____ Recorded information

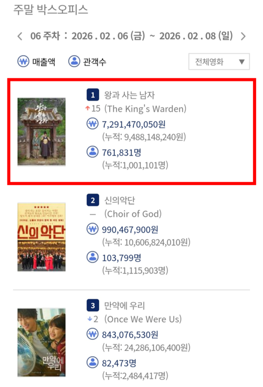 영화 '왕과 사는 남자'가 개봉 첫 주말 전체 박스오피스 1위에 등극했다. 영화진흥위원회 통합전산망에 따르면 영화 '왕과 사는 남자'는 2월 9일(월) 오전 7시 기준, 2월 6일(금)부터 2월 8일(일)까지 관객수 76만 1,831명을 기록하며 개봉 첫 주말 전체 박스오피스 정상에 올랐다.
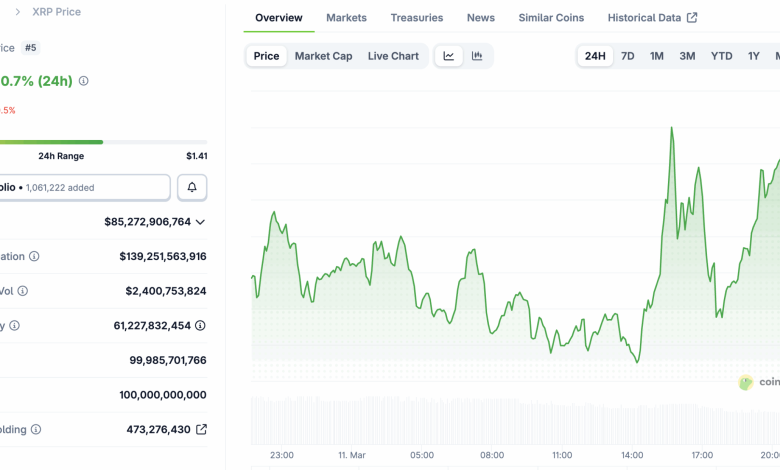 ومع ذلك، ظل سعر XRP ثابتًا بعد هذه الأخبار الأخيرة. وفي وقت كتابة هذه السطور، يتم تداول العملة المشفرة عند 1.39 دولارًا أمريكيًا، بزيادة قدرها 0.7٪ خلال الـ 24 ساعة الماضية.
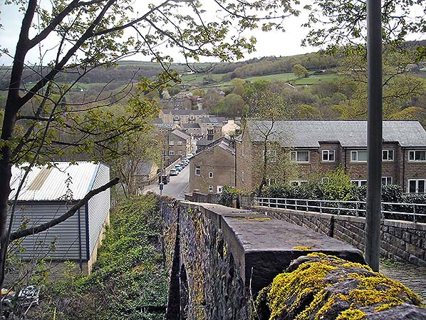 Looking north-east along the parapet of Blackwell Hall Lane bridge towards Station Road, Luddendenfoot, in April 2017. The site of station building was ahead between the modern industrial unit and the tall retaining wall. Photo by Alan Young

________
____ Recorded information

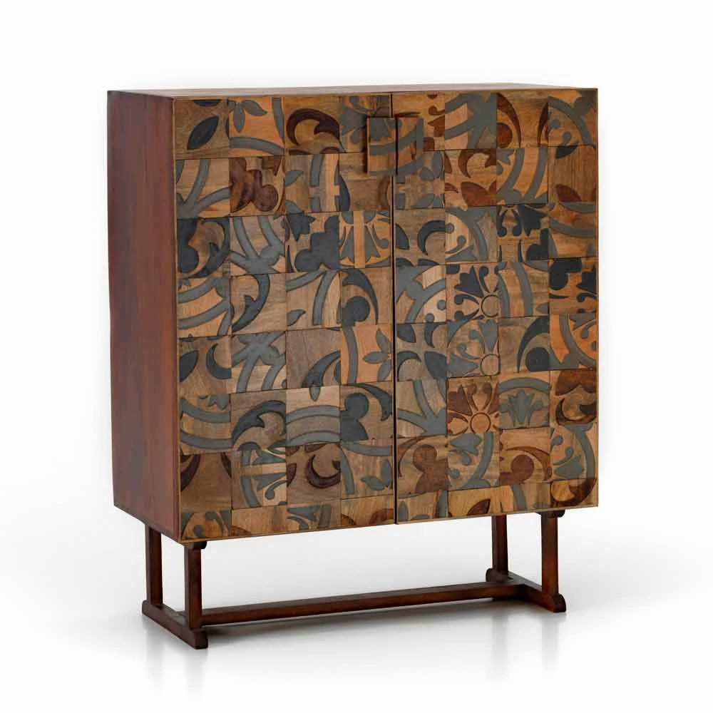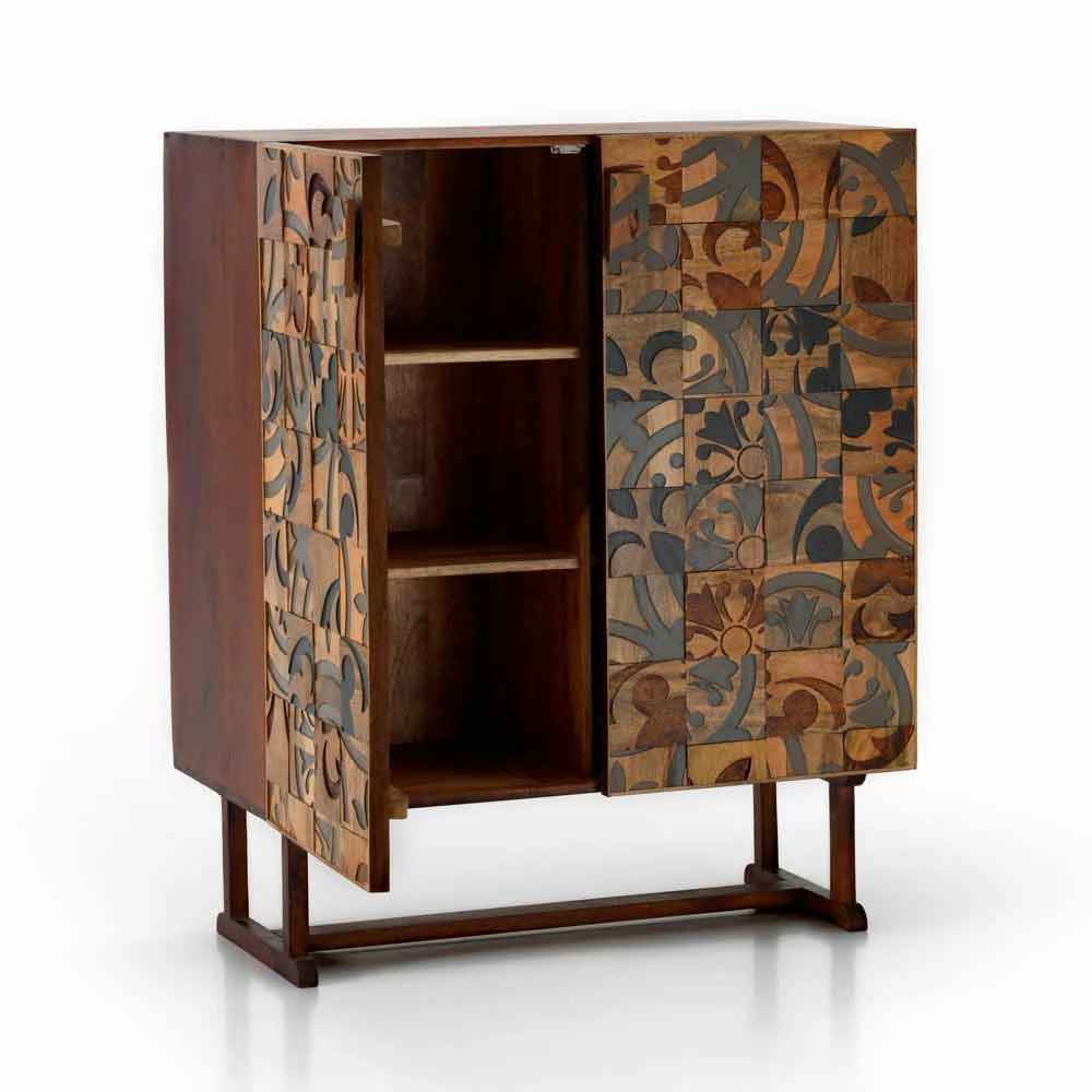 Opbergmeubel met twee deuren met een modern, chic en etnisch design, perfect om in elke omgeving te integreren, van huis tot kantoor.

________

- _Your assignment_: Output exactly the stretch of the listing that begins at the line containing "ومع ذلك، ظل" and ends at the line containing "Looking north-east along", both kept. Omit pictures and everything else.

- _Result_:
 ومع ذلك، ظل سعر XRP ثابتًا بعد هذه الأخبار الأخيرة. وفي وقت كتابة هذه السطور، يتم تداول العملة المشفرة عند 1.39 دولارًا أمريكيًا، بزيادة قدرها 0.7٪ خلال الـ 24 ساعة الماضية.
 Looking north-east along the parapet of Blackwell Hall Lane bridge towards Station Road, Luddendenfoot, in April 2017. The site of station building was ahead between the modern industrial unit and the tall retaining wall. Photo by Alan Young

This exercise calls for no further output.